Beinahe zwanghaft zählte Tordred im Kopf die Namen der Clans auf. Der Sonnenhornclan. Der Feuerhufclan. Der Krallenhufclan. Er blieb vor den Leichnamen dreier Einhörner stehen, deren Schädel so schlimm zertrümmert waren, dass sie nur noch anhand ihrer silbernen Stachelrüstungen als Einhörner zu erkennen waren.

Rüstungen, die genau wie die aussahen, die Tordred getragen hatte, als Sam ihm zum ersten Mal begegnet war.

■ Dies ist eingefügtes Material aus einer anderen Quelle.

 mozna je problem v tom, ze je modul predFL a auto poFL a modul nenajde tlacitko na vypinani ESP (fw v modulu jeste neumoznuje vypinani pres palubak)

»Und der Eisenhornclan«, flüsterte Sam tonlos. Tröstend legte er eine Hand auf Tordreds Hals. Obwohl Tordred wegen ihres Bandes von den Einhörnern verstoßen worden war, spürte Sam, wie sein Freund von einer überwältigenden Trauer erfasst wurde, die im selben Moment auch von ihm Besitz ergriff. Nur mit Mühe gelang es ihm, die Tränen zurückzuhalten.

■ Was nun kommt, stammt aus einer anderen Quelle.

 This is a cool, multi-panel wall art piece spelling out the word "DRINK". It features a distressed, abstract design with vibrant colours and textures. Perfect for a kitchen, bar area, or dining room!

»So viele Clans«, murmelte Tordred. »Einfach ausgelöscht.«

»Wir sollten weitergehen«, sagte Lara leise, »bevor uns diejenigen, die hierfür verantwortlich sind, auch noch finden.« Ihr Tonfall war sanfter als sonst. Selbst sie ließ der gepeinigte Ausdruck in Tordreds Gesicht nicht unberührt.

Tordred schnaubte zustimmend und sie setzten ihren Weg über das Leichenfeld fort. Nach einer Weile kamen sie in ein unberührtes Waldstück und für eine kurze Zeit konnte Sam sich beinahe einbilden, dass sie bloß einen ganz normalen Waldspaziergang machten – wenngleich schweigend, höchst angespannt und ohne den geringsten Hinweis auf andere lebende Wesen weit und breit. Das warme Licht der Nachmittagssonne sickerte durchs Blätterdach und zeichnete filigrane Muster auf den Boden, als gäbe auch sie sich die größte Mühe, so zu tun, als sei alles in Ordnung.

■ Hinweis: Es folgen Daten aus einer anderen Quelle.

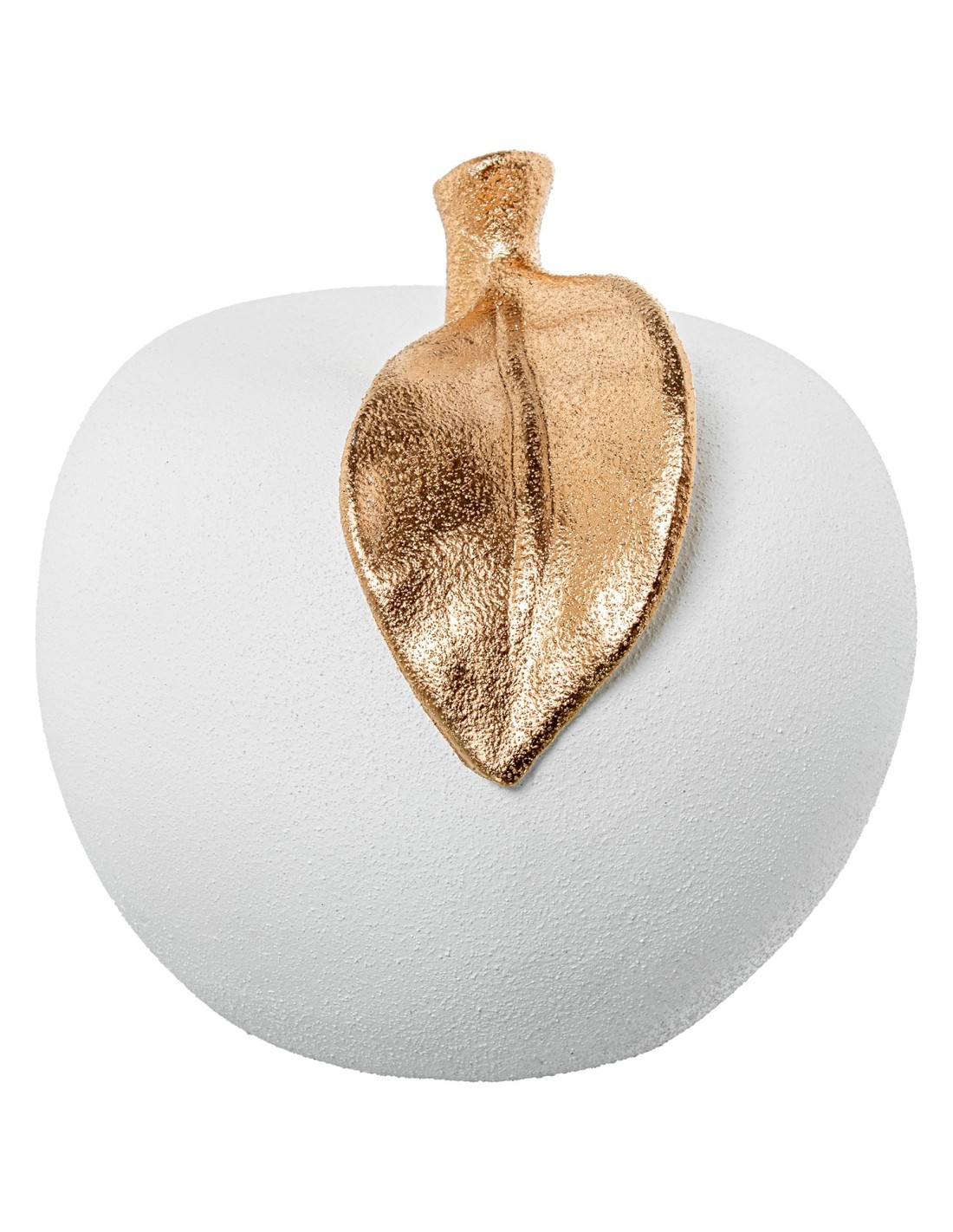 Esta figura está fabricada en cerámica y presenta un diseño original de manzana con el rabo dorado, un detalle que aporta un toque de distinción y elegancia. El contraste entre la cerámica y el acabado dorado crea un efecto visual muy atractivo que destaca dentro de cualquier composición decorativa.

Die Atempause währte jedoch nicht lang. Sie rochen das nächste Schlachtfeld, noch bevor sie es sahen. Dichte Rauchschwaden hingen zwischen den verbliebenen Bäumen und als sie auf die nächste Lichtung hinaustraten, bot sich ihnen auch hier ein Bild der Verwüstung. In einem riesigen Umkreis war alles voller abgebrannter Baumstümpfe und verkohlter Leichen. Mithilfe von Tordreds Erinnerungen ordnete Sam die toten Einhörner anhand ihrer schwarzen Rüstungen dem Donnerhufclan zu.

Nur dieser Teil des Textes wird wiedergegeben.